Why all three at subscription scope? During bootstrap the resource group and storage account don’t exist yet, so any role on a narrower scope wouldn’t apply. Once we evolve the platform to provision infrastructure for many apps in many subscriptions, this RBAC model will be revisited (likely a per-subscription identity rather than a single shared SP).

Allow the SP to manage its own federated credentials

After the platform provisions infrastructure for a new app, it must register three additional federated credentials on this same App Registration — one per environment, scoped to the new app repo (subjects repo:<owner>/<app>:environment:{dev,staging,prod}).
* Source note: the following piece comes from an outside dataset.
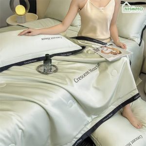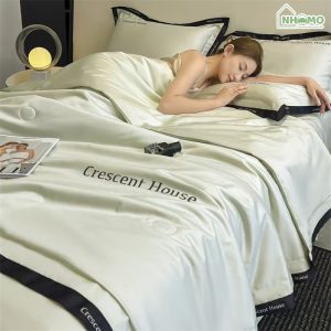 • Thiết kế: Thêu tên thương hiệu “Crescent House” trên chăn và gối

Without these, deploy workflows in the new repo fail at azure/login with AADSTS70021.

The platform workflow does this automatically (see job configure-federated-credentials), but the SP needs two things to be allowed to write to its own App Registration:

  1. Self-ownership of the App Registration object (directory-level), and
  2. The Application.ReadWrite.OwnedBy application permission on Microsoft Graph, with admin consent.

Ownership alone is sufficient for user-delegated flows but not for application-only flows like the OIDC token a workflow runs under, even in your own tenant — the corporate Entra default policy denies the call with Insufficient privileges to complete the operation.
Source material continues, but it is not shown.